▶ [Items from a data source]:

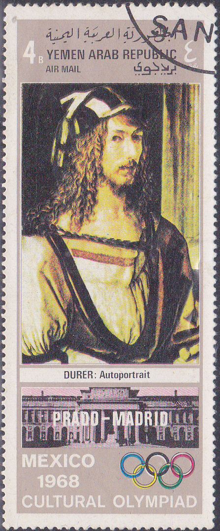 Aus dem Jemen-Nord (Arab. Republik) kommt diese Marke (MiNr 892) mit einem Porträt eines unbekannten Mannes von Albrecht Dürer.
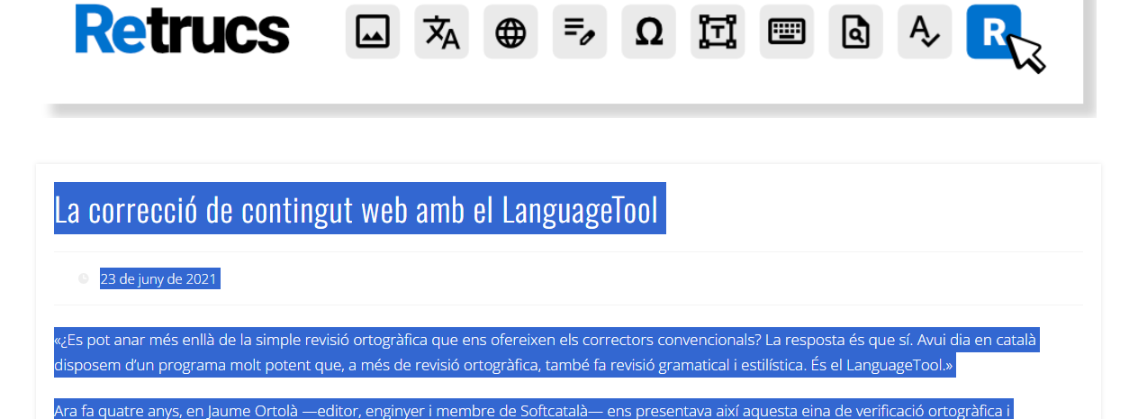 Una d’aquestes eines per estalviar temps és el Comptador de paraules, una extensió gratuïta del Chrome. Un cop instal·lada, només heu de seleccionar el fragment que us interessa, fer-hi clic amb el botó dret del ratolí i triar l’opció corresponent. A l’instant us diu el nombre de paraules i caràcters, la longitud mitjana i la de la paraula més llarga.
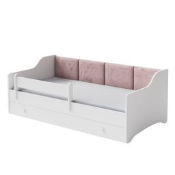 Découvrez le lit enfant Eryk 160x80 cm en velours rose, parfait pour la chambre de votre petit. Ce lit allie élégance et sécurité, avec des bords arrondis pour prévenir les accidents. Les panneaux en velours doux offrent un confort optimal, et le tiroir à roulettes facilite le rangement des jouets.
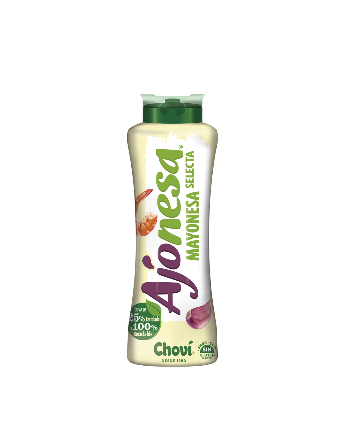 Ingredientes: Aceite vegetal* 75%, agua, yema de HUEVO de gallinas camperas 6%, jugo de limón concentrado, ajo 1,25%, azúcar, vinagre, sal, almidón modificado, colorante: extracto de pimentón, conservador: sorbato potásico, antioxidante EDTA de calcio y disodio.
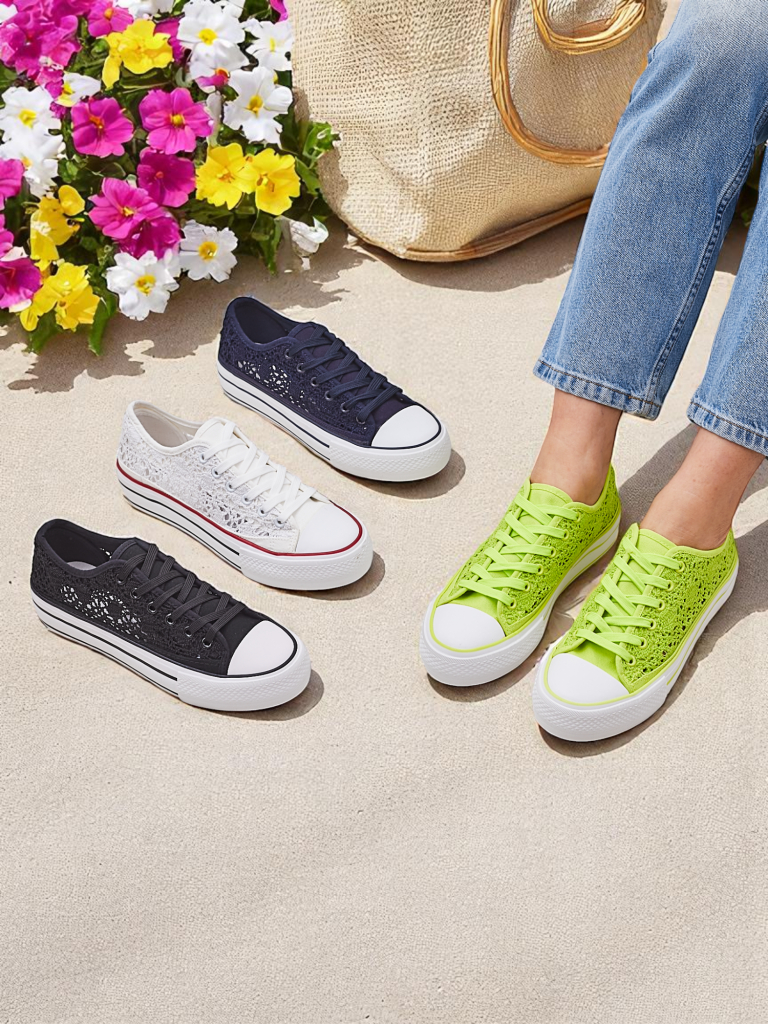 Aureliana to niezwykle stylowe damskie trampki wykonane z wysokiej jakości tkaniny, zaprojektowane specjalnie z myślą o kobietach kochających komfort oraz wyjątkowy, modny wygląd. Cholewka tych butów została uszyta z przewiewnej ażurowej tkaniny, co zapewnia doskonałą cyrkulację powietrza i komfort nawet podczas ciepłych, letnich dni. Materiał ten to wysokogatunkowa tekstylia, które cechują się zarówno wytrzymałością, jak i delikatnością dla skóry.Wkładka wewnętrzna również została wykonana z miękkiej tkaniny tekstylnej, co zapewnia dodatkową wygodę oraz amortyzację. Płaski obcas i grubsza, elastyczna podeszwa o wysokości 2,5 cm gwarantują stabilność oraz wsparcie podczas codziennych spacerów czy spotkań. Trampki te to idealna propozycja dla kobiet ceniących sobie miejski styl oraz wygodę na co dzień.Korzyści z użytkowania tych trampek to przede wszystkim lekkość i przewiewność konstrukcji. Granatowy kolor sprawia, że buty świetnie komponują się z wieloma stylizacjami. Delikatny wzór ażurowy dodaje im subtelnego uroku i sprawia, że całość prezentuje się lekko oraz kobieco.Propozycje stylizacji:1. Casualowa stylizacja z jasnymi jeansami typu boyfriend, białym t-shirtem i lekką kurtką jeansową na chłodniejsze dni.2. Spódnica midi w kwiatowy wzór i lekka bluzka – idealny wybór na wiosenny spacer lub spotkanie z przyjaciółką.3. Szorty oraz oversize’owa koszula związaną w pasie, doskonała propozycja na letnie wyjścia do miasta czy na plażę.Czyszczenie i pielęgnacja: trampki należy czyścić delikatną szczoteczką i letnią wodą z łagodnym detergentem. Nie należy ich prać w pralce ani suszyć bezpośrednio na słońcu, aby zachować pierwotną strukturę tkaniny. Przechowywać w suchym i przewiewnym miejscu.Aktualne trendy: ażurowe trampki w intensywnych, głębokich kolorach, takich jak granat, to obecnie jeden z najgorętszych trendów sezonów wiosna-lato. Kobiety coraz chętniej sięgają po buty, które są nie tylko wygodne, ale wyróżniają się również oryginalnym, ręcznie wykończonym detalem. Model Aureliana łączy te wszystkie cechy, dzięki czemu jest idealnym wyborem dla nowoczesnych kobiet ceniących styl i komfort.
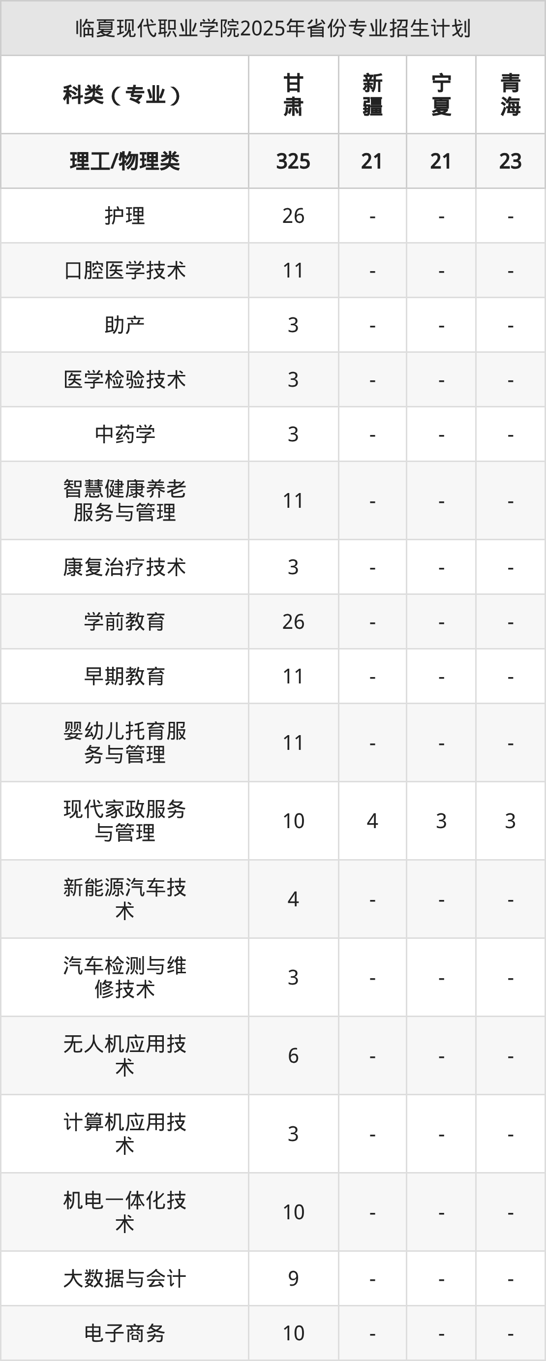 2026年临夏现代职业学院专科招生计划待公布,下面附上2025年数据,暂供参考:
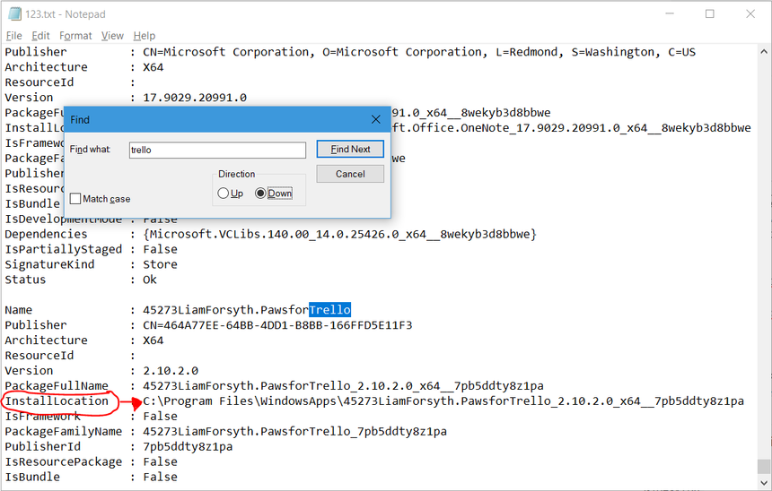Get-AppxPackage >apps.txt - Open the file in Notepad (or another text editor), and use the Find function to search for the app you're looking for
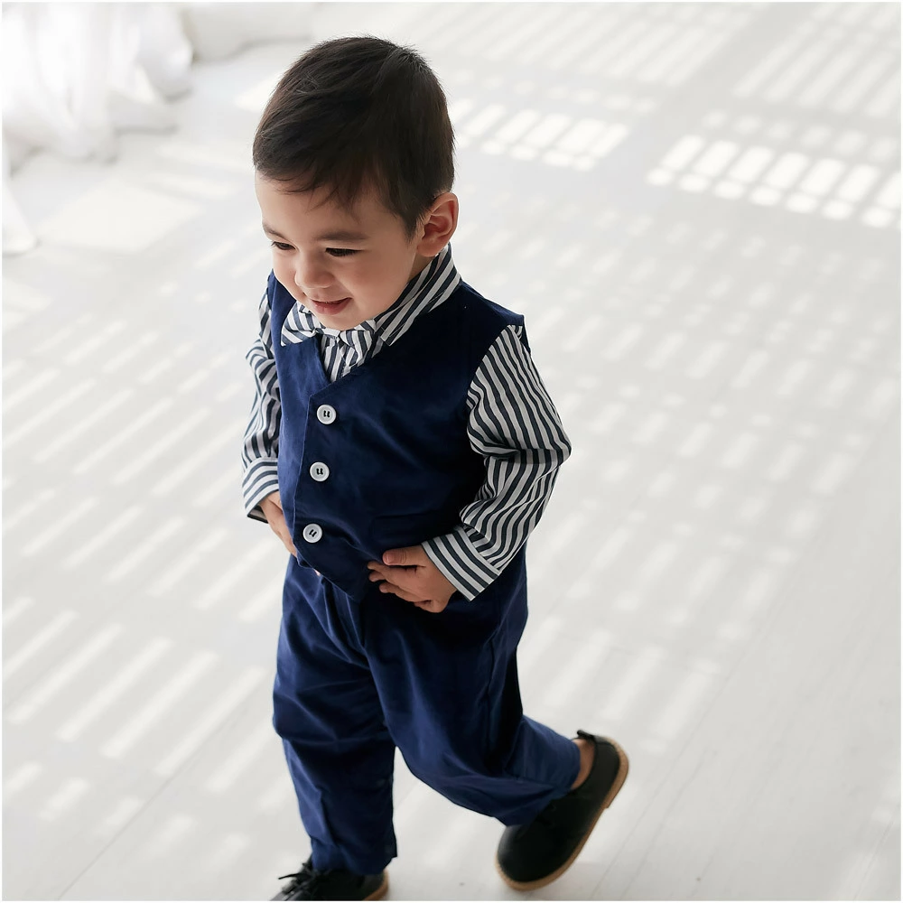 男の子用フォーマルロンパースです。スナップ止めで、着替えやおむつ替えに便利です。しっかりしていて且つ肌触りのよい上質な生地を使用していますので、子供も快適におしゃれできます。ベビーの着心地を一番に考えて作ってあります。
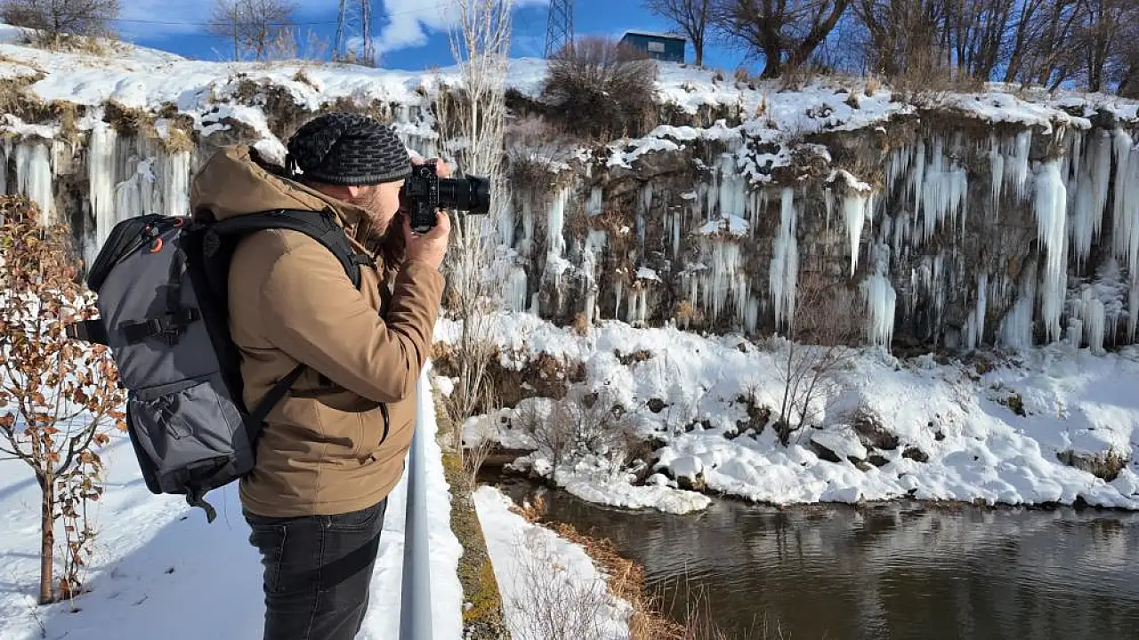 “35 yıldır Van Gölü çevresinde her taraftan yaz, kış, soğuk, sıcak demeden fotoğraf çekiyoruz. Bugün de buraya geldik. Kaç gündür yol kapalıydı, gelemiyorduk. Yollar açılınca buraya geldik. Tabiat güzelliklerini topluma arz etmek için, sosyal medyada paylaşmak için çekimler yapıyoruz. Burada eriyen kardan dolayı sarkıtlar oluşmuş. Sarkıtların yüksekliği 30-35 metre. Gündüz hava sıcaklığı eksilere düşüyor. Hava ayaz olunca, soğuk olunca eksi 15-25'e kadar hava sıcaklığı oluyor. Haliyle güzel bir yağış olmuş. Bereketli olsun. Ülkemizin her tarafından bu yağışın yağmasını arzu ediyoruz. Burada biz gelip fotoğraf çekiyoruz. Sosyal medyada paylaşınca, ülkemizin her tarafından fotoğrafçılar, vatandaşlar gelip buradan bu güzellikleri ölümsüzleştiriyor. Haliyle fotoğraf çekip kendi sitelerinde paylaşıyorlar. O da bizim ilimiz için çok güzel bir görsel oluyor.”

▶ [REQUIREMENT]: Word for word, copy the lines from the one with "Get-AppxPackage >apps.txt - Open" through the end of the entries above, and do not include any picture.

▶ [OUTPUT]:
Get-AppxPackage >apps.txt - Open the file in Notepad (or another text editor), and use the Find function to search for the app you're looking for
 男の子用フォーマルロンパースです。スナップ止めで、着替えやおむつ替えに便利です。しっかりしていて且つ肌触りのよい上質な生地を使用していますので、子供も快適におしゃれできます。ベビーの着心地を一番に考えて作ってあります。
 “35 yıldır Van Gölü çevresinde her taraftan yaz, kış, soğuk, sıcak demeden fotoğraf çekiyoruz. Bugün de buraya geldik. Kaç gündür yol kapalıydı, gelemiyorduk. Yollar açılınca buraya geldik. Tabiat güzelliklerini topluma arz etmek için, sosyal medyada paylaşmak için çekimler yapıyoruz. Burada eriyen kardan dolayı sarkıtlar oluşmuş. Sarkıtların yüksekliği 30-35 metre. Gündüz hava sıcaklığı eksilere düşüyor. Hava ayaz olunca, soğuk olunca eksi 15-25'e kadar hava sıcaklığı oluyor. Haliyle güzel bir yağış olmuş. Bereketli olsun. Ülkemizin her tarafından bu yağışın yağmasını arzu ediyoruz. Burada biz gelip fotoğraf çekiyoruz. Sosyal medyada paylaşınca, ülkemizin her tarafından fotoğrafçılar, vatandaşlar gelip buradan bu güzellikleri ölümsüzleştiriyor. Haliyle fotoğraf çekip kendi sitelerinde paylaşıyorlar. O da bizim ilimiz için çok güzel bir görsel oluyor.”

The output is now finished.